▸ Exercise inputs

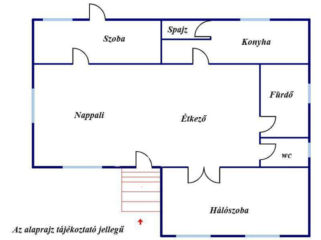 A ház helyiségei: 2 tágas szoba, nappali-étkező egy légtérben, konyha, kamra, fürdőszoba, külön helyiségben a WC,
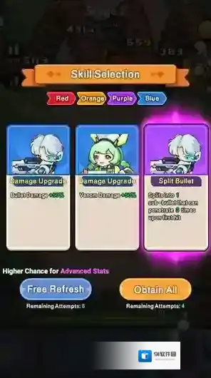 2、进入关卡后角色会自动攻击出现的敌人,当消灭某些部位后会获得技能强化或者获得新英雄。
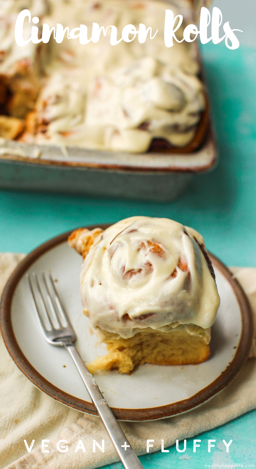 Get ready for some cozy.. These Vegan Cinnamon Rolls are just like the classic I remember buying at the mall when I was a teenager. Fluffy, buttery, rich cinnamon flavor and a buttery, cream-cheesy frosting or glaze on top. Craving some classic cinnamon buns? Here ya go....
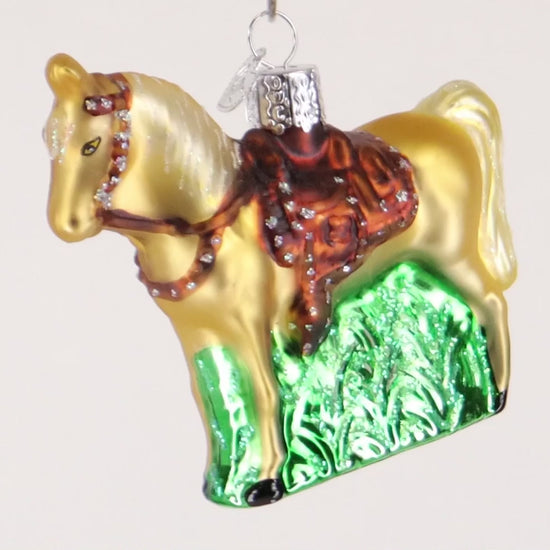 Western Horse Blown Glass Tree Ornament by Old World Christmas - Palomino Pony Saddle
---
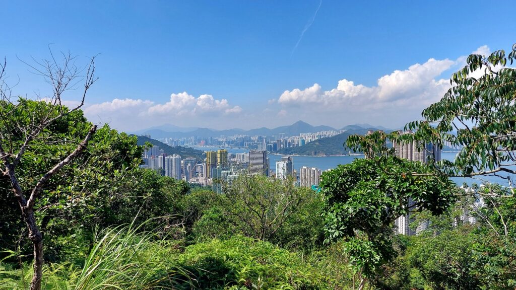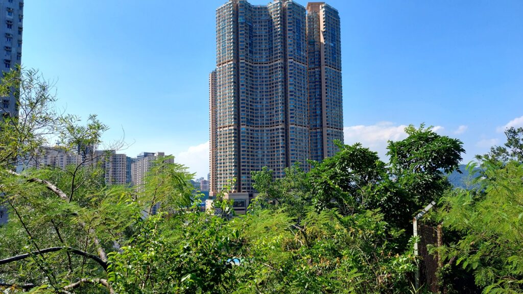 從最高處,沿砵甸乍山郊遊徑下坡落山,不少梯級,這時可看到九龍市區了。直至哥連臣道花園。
---
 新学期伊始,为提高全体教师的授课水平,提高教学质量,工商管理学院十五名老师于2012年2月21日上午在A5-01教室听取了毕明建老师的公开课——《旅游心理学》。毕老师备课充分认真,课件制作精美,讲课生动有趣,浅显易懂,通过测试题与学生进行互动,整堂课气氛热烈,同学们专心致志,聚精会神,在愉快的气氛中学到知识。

▸ Exercise
Every line above from the one with "2、进入关卡后角色会自动攻击" down to the one with "Western Horse Blown" must be written out exactly, and no picture may appear.

▸ Answer to this problem
 2、进入关卡后角色会自动攻击出现的敌人,当消灭某些部位后会获得技能强化或者获得新英雄。
 Get ready for some cozy.. These Vegan Cinnamon Rolls are just like the classic I remember buying at the mall when I was a teenager. Fluffy, buttery, rich cinnamon flavor and a buttery, cream-cheesy frosting or glaze on top. Craving some classic cinnamon buns? Here ya go....
 Western Horse Blown Glass Tree Ornament by Old World Christmas - Palomino Pony Saddle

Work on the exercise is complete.